[jira] Issue Comment Edited: (LUCENE-2729) Index corruption after 'read past EOF' under heavy update load and snapshot export

Nico Krijnen (JIRA) Tue, 16 Nov 2010 08:20:41 -0800

    [ 
https://issues.apache.org/jira/browse/LUCENE-2729?page=com.atlassian.jira.plugin.system.issuetabpanels:comment-tabpanel&focusedCommentId=12932519#action_12932519
 ]


Nico Krijnen edited comment on LUCENE-2729 at 11/16/10 11:18 AM:
-----------------------------------------------------------------

We did a few more runs with lots more logging and *we think we have pinpointed 
the cause of the issue*. Logs and a short analyisis is attached: 
eof-extra-logging-4-analysis.txt

We added logging to track files that are opened for read and write. At the 
moment the 'read past EOF' happens, no files are still open for writing. So it 
does not seem as if a file is opened, but never closed. However we did find 
another interesting entry:

- Some time before the 'read past EOF' we see some activity in the disk index 
on the segments_... file that is 'locked' by the zoie snapshot.
-- 'our' segments_... file is deleted (the logged dir listings show that it 
does not exist anymore after that)
-- 'our' segments_... file is written to. At this point it is created again, 
but becomes 0 kb, which at a later point causes the 'read past EOF'.

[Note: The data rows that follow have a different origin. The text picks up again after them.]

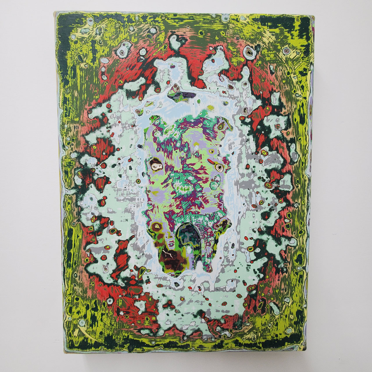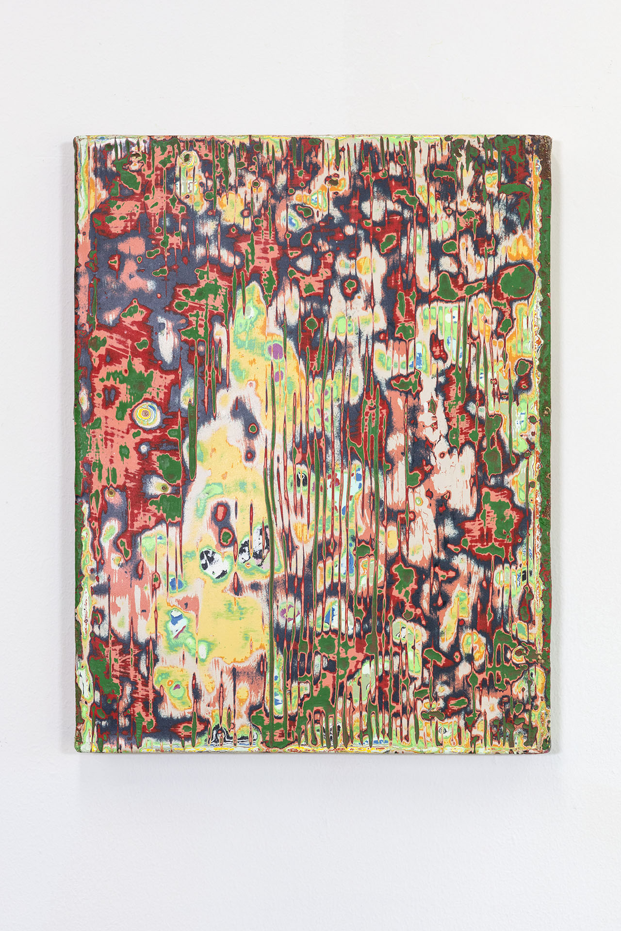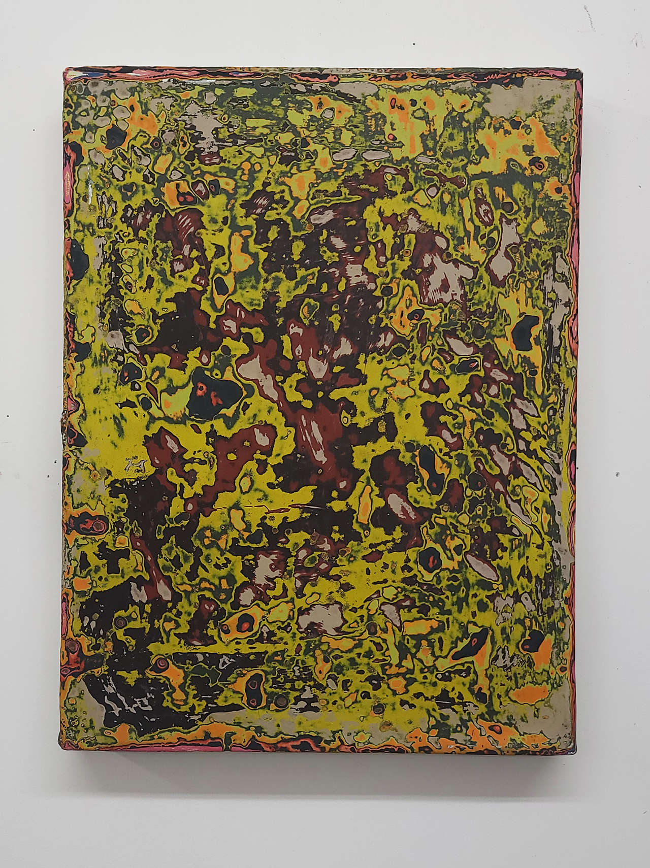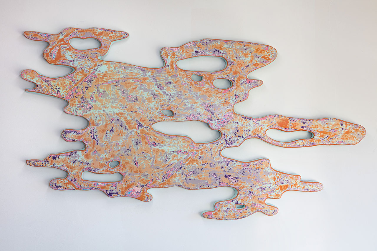 I begin a painting by adding layer by layer an accumulation of paint. Over time, these accumulations are eroded, just like how sand or soil is made beneath our feet. Like memories, multiple layers and erosion events pile on each other to create an image composite of visual time. This method of terrain-making, or painting, is the vein that runs through all of my work.
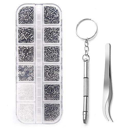 Becory glasögonreparationssats, 1100 st små skruvar och 5 par näsdynor rostfritt stål set med mikroskruvmejselpincett för glasögon, solglasögon, klockreparation
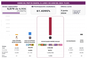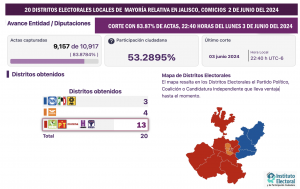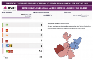 Sólo en el caso de Jalisco el margen entre el primero y el segundo lugar fue muy estrecho, al cierre de los programas de resultados electorales preliminares, este lunes 3 de junio del 2024. Con excepción de Chiapas, fue el PREP que operó el Instituto Electoral de Jalisco el que experimentó mayor retraso y morosidad, desde el mismo día de los comicios, pues empezó a cargar datos hasta las 22:00 horas, cuando el tiempo establecido para operar esa herramienta estaba fijado para las 20:00 horas.
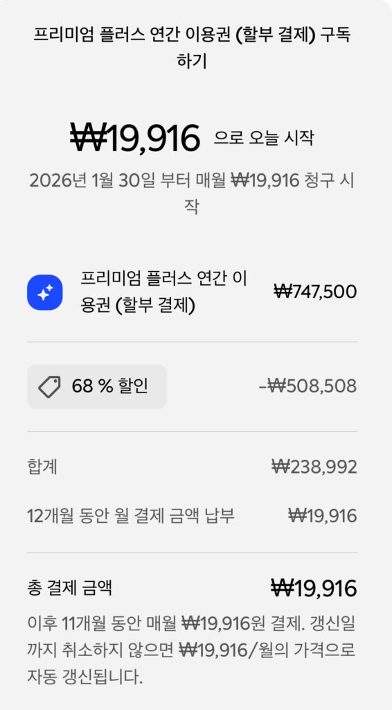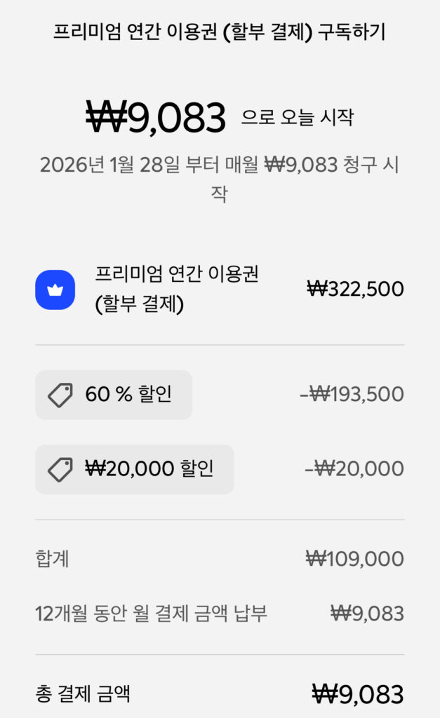 2️⃣ 할인된 가격 확인 및 할부 결제 여부 선택
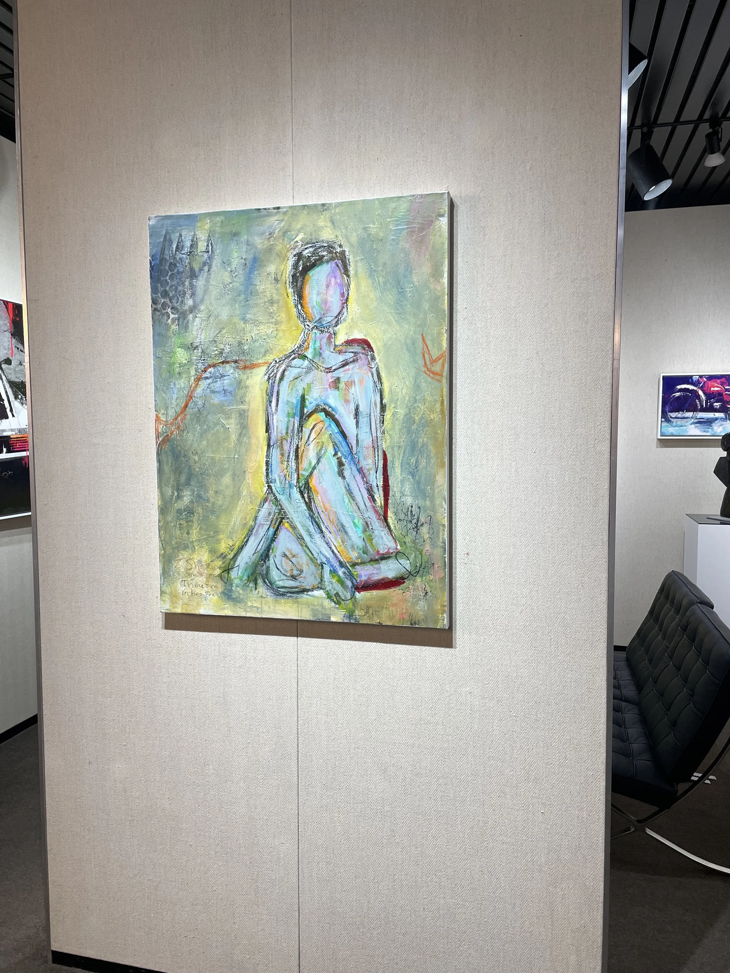 Sarah’s paintings touch on themes of identity and urban alienation and are artistically reflected through a strong understanding of color and composition. Beautiful gradient hues contrast bold abstractions, reminiscent of the works by European existentialists.
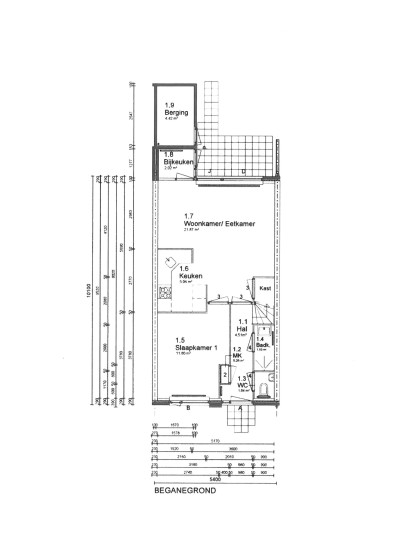 * Aangebouwde bijkeuken/wasruimte en berging.
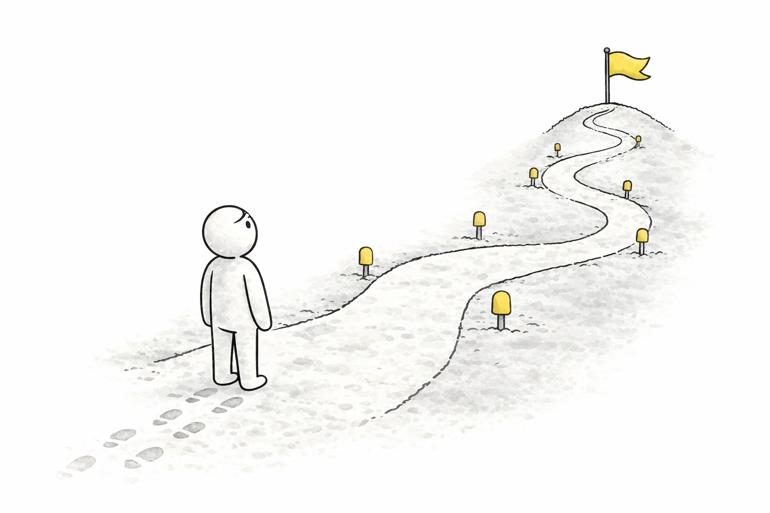 Consider someone trying to change careers. The first weeks are exciting: researching, imagining, making plans. The final weeks are exciting too: interviews, offers, the finish line in sight. But the months in between, the studying, the networking, the applications that go nowhere, that's the dead zone. And that's where most people quit. Not because the goal stopped mattering. Because the middle stopped feeling like progress.
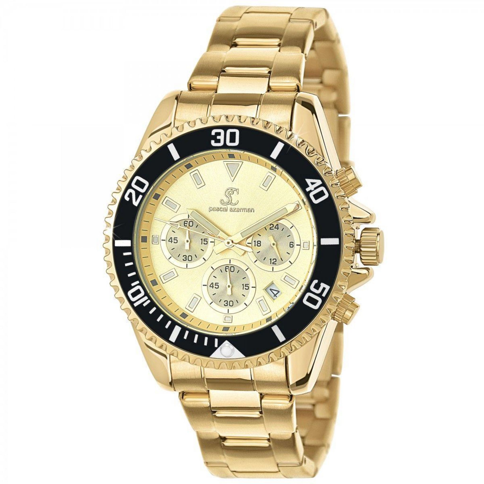 Montre multifonction pour hommeDateurLargeur cadran : 46mm - Hauteur cadran : 52mm - Epaisseur : 13mmBracelet acier doré - Longueur : ajustable jusqu' à 21cm - Largeur : 18mm - Fermoir : Boucle déployante doubleMatière : LaitonFinition : Plaquage haute résistanceVerre minéralMouvement Quartz haute f
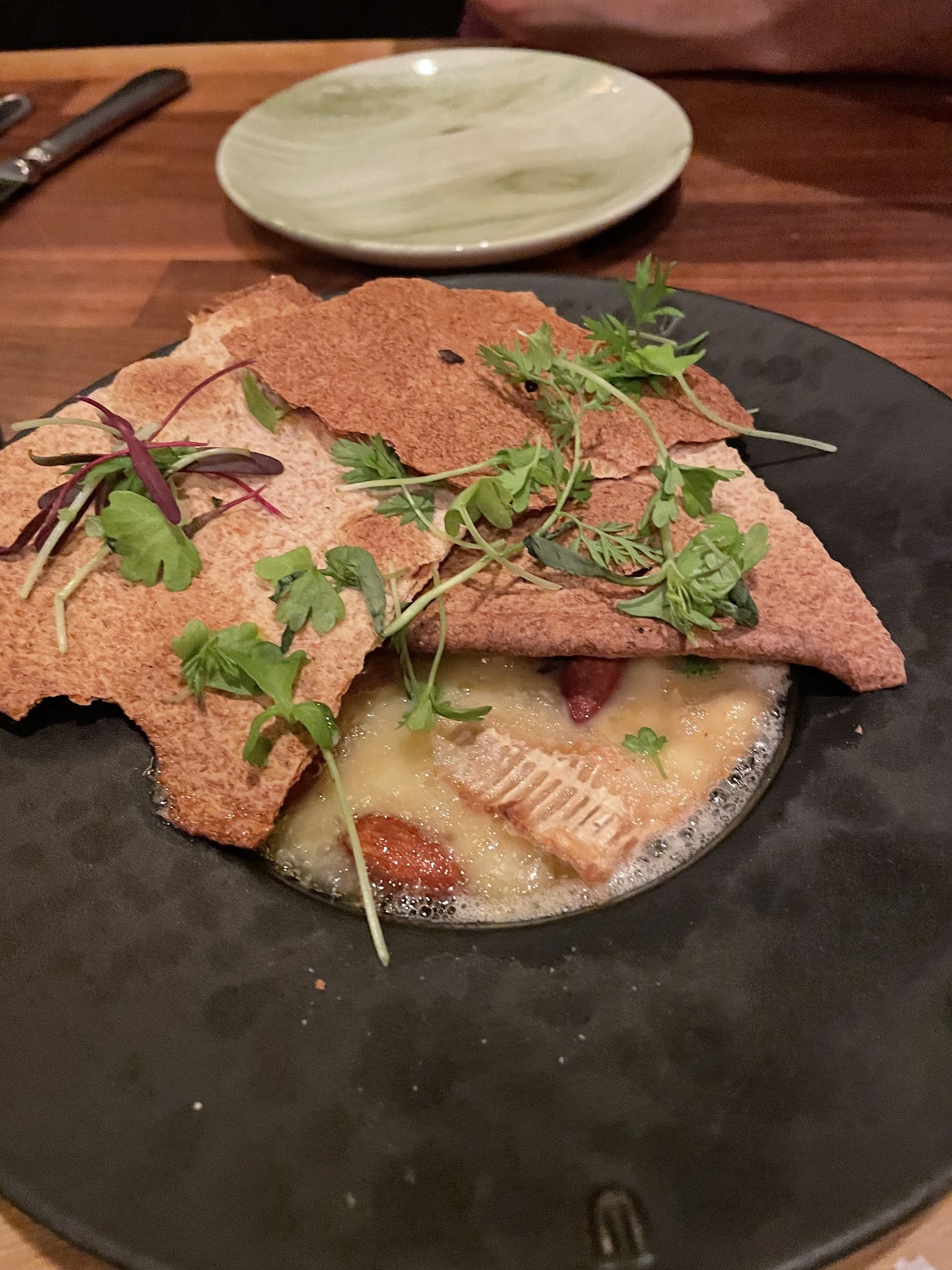 Read moreThis place, in my opinion, is a small, tiny step below that of a Michelin star restaurant. And they are certainly some of the best food you can get in Indy. I had just finished a huge exam and this was the place to asked to be taken in celebration. We arrived at 8:30 and, even though they close at 9, their service was not rushed at all. I ordered their Venetian Aperol spritz to start. It was very good but make sure to mix it up because it was quite strong at the bottom. For the starter we ordered the tulip tree trillium and the brisket dumplings. The cheese was so good but piping hot. I loved the texture of almonds in it along with the sweetness of the jam. The dumplings were also very good, the brisket inside was melt in your mouth good!
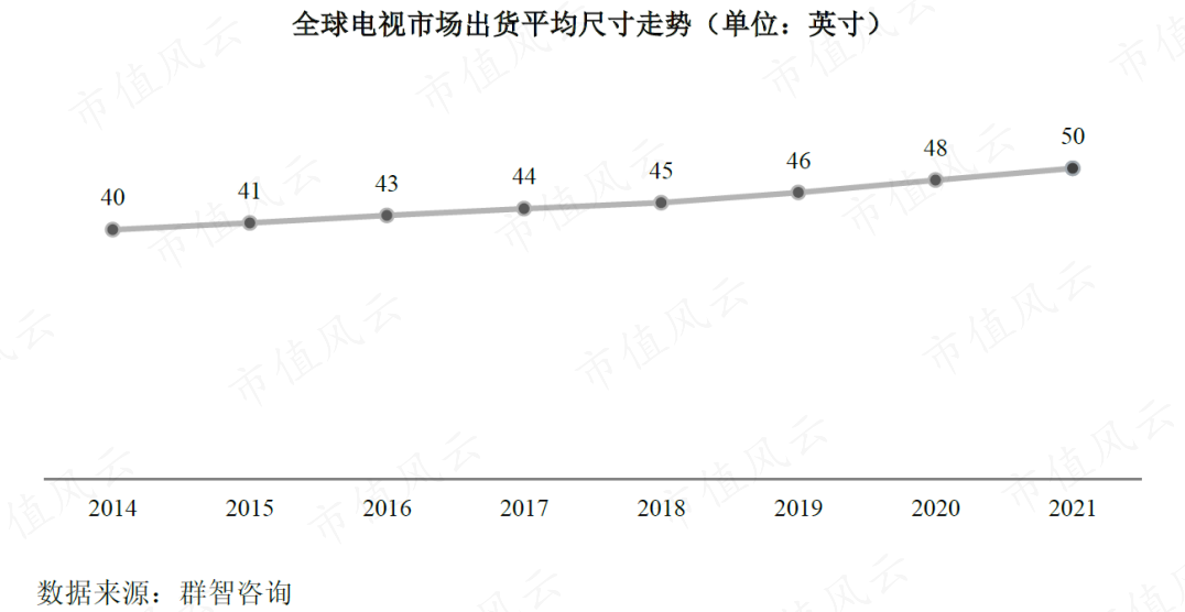 受消費升級及技術(shù)革新拉動,全球電視大尺寸趨勢明顯。2020年、2021年,全球電視市場出貨平均尺寸,同比均增加了2英寸。
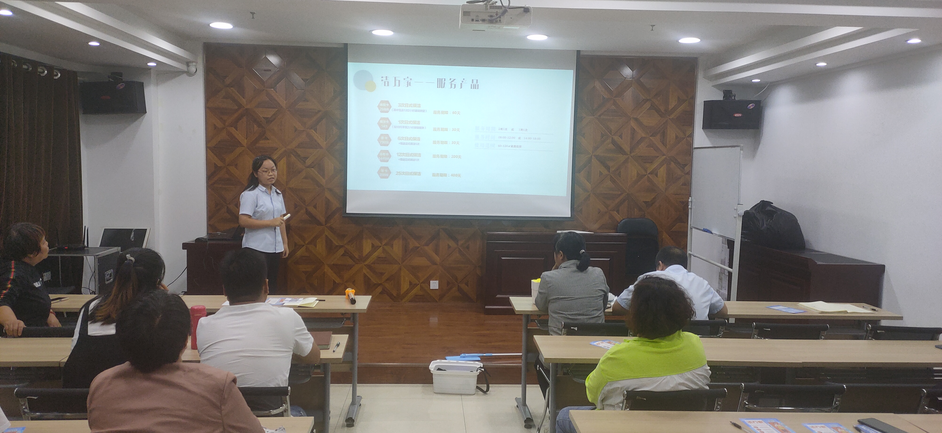 隨后由公司人力資源部負(fù)責(zé)人司夢(mèng)琴對(duì)“潔萬家”日常保潔產(chǎn)品進(jìn)行了分類介紹,此外還介紹了產(chǎn)品推廣獎(jiǎng)勵(lì)方案和推廣話術(shù),對(duì)大家日后推廣過程中會(huì)遇到的客戶提出的各種問題進(jìn)行了預(yù)設(shè)并一一詳細(xì)作答。
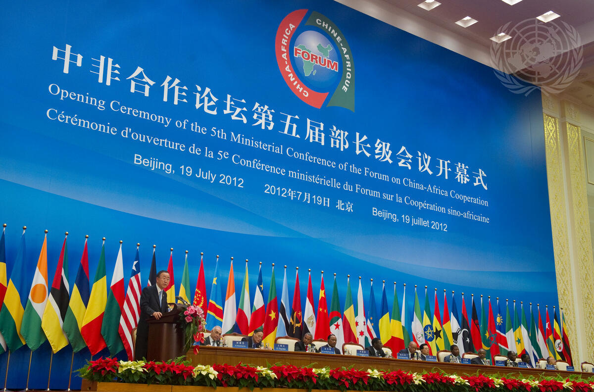 Secretary-General Ban Ki-moon (at lectern, left) addresses the opening session of the 5th Ministerial Conference of the Forum on China-Africa Cooperation in Beijing.
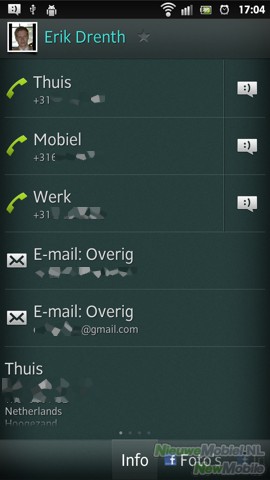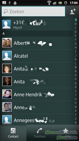 De contactenlijst is dezelfde app als de telefoon-app. Het verschilt alleen in welk tabblad er geopend wordt. Toch zijn twee aparte icoontjes wel handig. Het contactoverzicht is duidelijk en erg herkenbaar voor Android-gebruikers. Sony heeft slechts kleine aanpassingen gemaakt zoals de nauwe Facebook-ondersteuning.
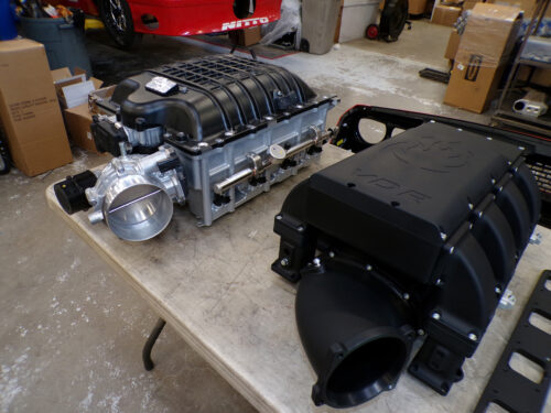 The design of this system works by keeping the factory supercharger installed and adding twin turbos. We turbocharge the inlet of the blower with a factory looking intake pipe with a serialized DEMON 170 production number! This is the first stage of boost. The supercharger then creates the second stage and boosts the engine with a compounded total. Example: 3 psi springs in the wastegates make 3 psi before the blower and makes 14 psi overall at the engine. What this means is you can have the performance and feel of a supercharged monster with the boost adjustability of a true twin turbo kit – the best of both worlds. For those who are looking for twin turbo only, an aftermarket intake can be purchased and the system will plumb to the same spot–THE CHOICE IS YOURS!

We added more logging to find out more about when and who is 'setting' or 
'changing' the 'generation' in SegmentInfos.

The logs from that run seem to indicate that *at some point 
SegementInfos.generation seems to 'wrap' to a lower value and earlier 
generation numbers get re-used*.

In ZoieIndexDeletionPolicy, a Snapshot is initialized using a certain 
IndexCommit. Zoie doesn't take into account that Lucene may re-use segments 
filenames, no locking is applied to this file whatsoever in terms of keeping 
Lucene from re-using this specific segments filename.

AFAICT by going through the code in SegmentInfos, the generation counter is 
reset in SegmentInfos.read(Directory). When looking at the log files and 
singling out the *value of generation, in our case it doesn't even reach a 
value above 118*. The segments filename of our Snapshot is 'segments_2q' which 
translates to a generation of 98. After a while, Lucene deletes this file on 
disk (because the name is re-used?) in a call to FSDirectory.deleteFile. 
However, our backup is still running at that point. Somehow this file is 
written to disk a moment later and on the next read, we get the 'read past EOF' 
error.
It's not completely clear to me, but why is the generation counter reset on 
read(Directory)? Is it because the file is determined through 
FindSegmentsFile(Directory).run()?

Although this could be interpreted like a flaw in ZoieIndexDeletionPolicy, I 
think this should be worked around in Lucene (correct me if I'm wrong).

We can attempt some kind of 'fix' to skip generations corresponding to segment 
filenames used by the '_currentSnapshots' variable in ZoieIndexDeletionPolicy. 
But the IndexDeletionPolicy API or SegmentInfos class does not really provide a 
nice way of doing that and it doesn't feel like a proper fix.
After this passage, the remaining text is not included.